Extensive characterization of the hopTum-l allele by others has shown that it can be utilized in lethality and tumor frequency assays to help in identifying novel JAK/STAT pathway components and regulators (Chen et al., 2014). We tested whether hipk could modify the hopTum-l lethality phenotype (see Fig. 2F-H for ranking examples) (Rawlings et al., 2004; Yan and Luo, 1996). hopTum-l;;MKRS/TM6B animals raised at 29oC were larval or early pupal lethal (Fig. 2A,B); 91% of pupae died in the early pupal stage, 9% died in the late pupal stage, and 0% of adults eclosed (Fig. 2E). Heterozygous reduction of hipk (hopTum-1;;hipk4/TM6B) suppressed this phenotype (Fig. 2C,D); 23% of pupa died during early pupal development, and 76% died as pharate adults and 1% were able to eclose (Fig. 2E). Thus we infer that hipk is a positive regulator of the pathway since reducing hipk suppressed phenotypes caused by overactive JAK/STAT.

Figure 2.
Figure 2. Heterozygous loss of hipk suppresses hopTum-l induced lethality

(A,B)At 29°C hopTum-l causes the formation of melanized tumors (A; arrowheads) and (B) results in larval and/or pupal lethality. (C,D) Heterozygous loss of hipk suppresses the tumor frequency (C; arrowheads) and (D) though some hopTum-i‥;;hipk4/TM6B flies die in the early pupal stage, many reach the late pupal stage. (E) Quantification of the hopTum-l lethality test in (A-D); hopTum-l;;MKRS/TM6B (n=148) and hopTum-l‥;;hipk4/TM6B (n=193). The hopTum-l lethality assay was phenotypically ranked into three categories:(F) represents category ‘early pupal lethal’, where no adult structures are detectable,(G) represents the ‘late pupal lethal’ class, where adult structures are visible but the fly does not eclose, and (H) represents the class ‘eclosed adult’.

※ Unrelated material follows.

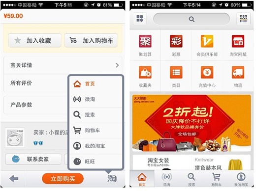 扁平化建設通常為了簡約,則減少了一些功能按鈕的設置,造成用戶瀏覽時出現使用障礙,要想保證網站原有的應用效果,取而代之的是交互設計,例如客服窗口,可用浮動按鈕的形式彈出對話框,既可不用占用頁面的資源,也可保證用戶在線互動窗口在顯眼的位置,方便被找到;再如下面的淘寶網站上的交互按鈕運用,用戶不管點擊了多少層頁面,如果想回到首頁,并不需要層層返回,只需點擊右下角的按鈕,則可輕松返回首頁。

Since hopTum-l tumors derive from hemocytes, we asked whether reduction of hipk within the hemocytes could rescue hopTum-l lethality at 29°C. We expressed UAS-hipkRNAi with hml-GAL4 in a hopTum-l genetic background (hopTum-l/XorY;hml>hipkRNAi), but did not observe a significant suppression (Fig. S2A-D). We reasoned that we were unable to obtain a rescue, possibly due to a combination of the strength of the hopTum-l phenotype at 29°C, and weakness of hml>UAS-hipkRNAi. hopTum-l is temperature sensitive, yielding a more severe phenotype at 29°C than at 25°C. We tested whether loss of hipk within hemocytes could rescue the hopTum-l phenotype at 25°C. hopTum-l/Y;hml-GAL4/+ flies raised at 25°C exhibited a range of tumor frequencies: 15% of flies had more than 5 small to large tumors (class 1; Fig. S2E,H), 50% of flies had more than 5 small to medium tumors (class 2; Fig. S2F,H), and 35% of flies had less than 5 small tumors (class 3; Fig. S2G,H). Reducing hipk(hopTum-l/Y;hml-GAL4/UAS-hipkRNAi) rescued the severity of hopTum-l induced tumors; we observed 0% of flies in class 1, 29% of flies in class 2, and 71% of flies in class 3 (Fig. S2H). We conclude that hipk is required for the full severity of the hopTum-l phenotype.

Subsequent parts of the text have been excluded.